Global connection: save the planet
Last year, as part of Via Campesina, a delegation of the CLOC participated in the World Meeting of People’s Movements (in the Vatican and Rome, on October 27-29 2014), where rural organizations, in dialogue with Pope Francis, emphasized the seriousness of environmental destruction by “a tiny minority, which with a model of production and consumption that prioritizes profit above life, is devastating the planet and ways of life and culture that support it. Climate change produced by this model and by that minority is threatening the existence of the Earth and all living beings, including humans.”[v] They therefore called for the following commitments:
– Defend the continued inhabitance of rural peoples in their territories and of peasant agriculture and other forms of people’s production, as the basis of our food.
– Call for a stop to the severe social and environmental impacts of mining, deforestation and other polluting industries and advocate for their control.
– Emphatically reject GM organisms and crops and their effects… GMOs are a grave danger and their promise of increased productivity and an end to hunger has no economic, scientific or biological basis.
– Speak out against patenting and manipulation of all living beings.
– Reject the privatization of water, land, seeds and natural assets.
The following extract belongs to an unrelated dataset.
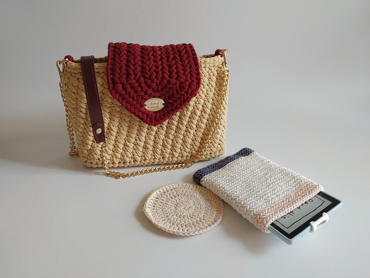 직접 뜬 가방과 차받침, 이북리더기 파우치

– Reject false “solutions” to climate change, such as nuclear energy, mega-dams, geoengineering and carbon markets.
Along these lines, at its 6th Continental Congress, CLOC-VC intends to advance in the construction of a people’s political project and in generating proposals for public policy. In this regard, the preparatory document states as one of its challenges, that the program “must defend a new production matrix for agricultural goods, one based on agroecology, as a concrete way to combat the capitalist form of plundering nature. Agroecology is more than a set of alternative techniques for rural production, it is a model, a necessary instrument for defeating the capitalist model, which only manages to produce with poisons, destroying nature.”
Osvaldo León, ALAI.
A longer version of this text was published in Spanish in ALAI’s magazine América Latina en Movimiento No. 502, March 2015, titled “Agricultura Campesina para la Soberanía Alimentaria” –http://www.alainet.org/es/revistas/168312
[i] Fao press release, 29/09/2014: http://www.fao.org/news/story/en/item/250148/icode/
[ii] CLOC emerged during the Continental Campaign “500 Years of Indigenous Black and Popular Resistance”, and was formally constituted in the Congress that took place in Lima, Peru, on February 21-25 1994.
[iii] “Las tendencias del capital sobre la agricultura”, América Latina en Movimiento nº 459, ALAI, October 2010.
[iv] Rumbo al VI Congreso Continental. Secretaría Operativa CLOC-VC – Argentina, April 2015.